In the 400–1100 nm spectral range, studies employing HSI with a diffuse reflection mode typically provide good performances. Previous research by Ma et al. [10] looked at the use of HSI to measure the SSC and hardness of Hami melons. According to the prediction results, firmness and the SSC had a coefficient of determination for prediction (R²_P)s of 0.42 and 0.50 for the PLS models without spectral feature extraction, respectively. These values were initiatory and not acceptable. The HSI data are massive and include unrelated information. The best wavelengths must be chosen in order to reduce superfluous data and enhance model performance. Sun et al. [11] looked at the PLS to identify the internal quality of Hami melons and the genetic algorithm, successive projections algorithm (SPA), and competitive adaptive reweighted sampling (CARS) for choosing the best wavelengths. The CARS-PLS model performed the best, according to the data, with an R²_P s of 0.92 for the SSC, 0.83 for TAC, and 0.75 for firmness. Furthermore, Jing-tao et al. [12] conducted a study to determine the quality of Hami melons. They found that CARS-SPA-SVM produced the best R²_P values of 0.88 and 0.68 for the SSC and firmness prediction, respectively, and that CARS-PCA-SVM produced a good model with an ACC_P of 94.00% for ripeness.

The majority of research has been on using conventional machine learning models—which have already proven effective in the quality detection of watermelons—to analyze spectra, photos, and acoustic vibration signals. However, the drawback of these approaches is that they rely on human labor and past expertise for feature engineering. Comprehensive deep learning algorithms offer a proficient approach to analyzing the data produced by optical and acoustic vibration sensors, as demonstrated by their effectiveness in some MV and Vis/NIRS investigations. Furthermore, the ability to generalize presents another difficulty for the widespread use of conventional machine learning models in practice. Guo et al. [13] suggested using auto-encoder neural networks in conjunction with the Internet of Things to transfer the NIR model for identifying an apple’s SSC and enhancing model portability. The outcomes offered a point of reference for enhancing the quality detection models for watermelon’s generalization. While deep learning models have been applied to the analysis of acoustic vibration signals from fruit, including oranges [14] and apples [15,16], more research is needed to fully explore the potential of these models for acoustic vibration-based watermelon quality detection. Furthermore, it is mentioned that using deep learning for the quality identification of watermelons still presents challenges due to the need for huge datasets and interpretable models. It is challenging to gather a significant amount of information about the acoustic and optical vibrations of various samples in a single experiment. Data augmentation techniques, like the Imgaug data enhancement library [17] for creating images of Hami melon surface defects and deep convolutional generative adversarial networks [18] for creating shortwave infrared spectra of pesticide residues on the Hami melon’s surface, have been proposed as solutions to this problem. For data-driven deep learning models, it is important to pay more attention to how to guarantee that the generated data are accurate and close to reality.

The selection of watermelons and the determination of certain standards affects both buyers and sellers from different perspectives. Buyers usually judge the quality of the watermelon according to the criteria of juiciness, crispiness, sweetness, and freshness. Therefore, they want to buy the optimal average watermelon that takes all the characteristics into account. Sellers, on the other hand, focus on maximizing their profits and the highest sales volume. From both points of view, it is important to determine the quality of the watermelon more precisely based on various quality-related characteristics without damaging the fruit.

There are numerous non-destructive methods, as mentioned earlier, such as acoustic analysis, optics, X-ray imaging, ultrasonics, near-infrared spectroscopy, Raman spectroscopy, hyperspectral imaging, magnetic resonance imaging, and optical coherence tomography to determine the optimal harvest time for watermelon [19]. However, these laboratory and production line quality estimation methods cannot be applicable by customers to make a real-time decision at the market level.

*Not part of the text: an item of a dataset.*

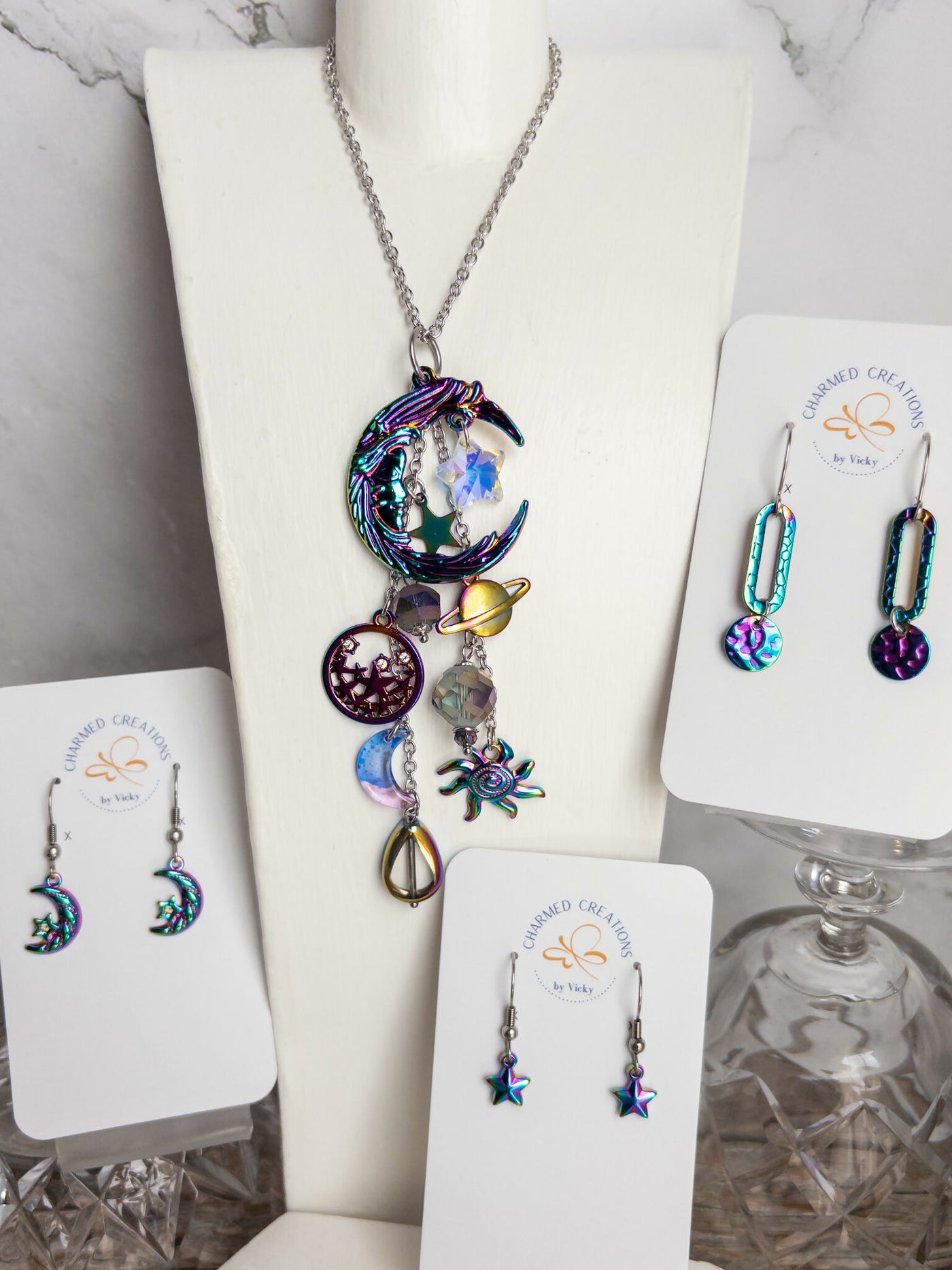 Rainbow Plated Pendants and Earrings

Therefore, this study aims to test and determine novel, non-destructive, generative artificial intelligence (AI)-based tools for selecting high-quality watermelons by analyzing the photos of customers that were taken at the retail shelf using prompt engineering principles. The following hypotheses were formulated to test whether the intended objectives were met. (1) ChatGPT GPT-4o version can accurately assess the ripeness and quality of watermelons from smartphone photos, and (2) there is a significant correlation between selection by ChatGPT and consumer perception.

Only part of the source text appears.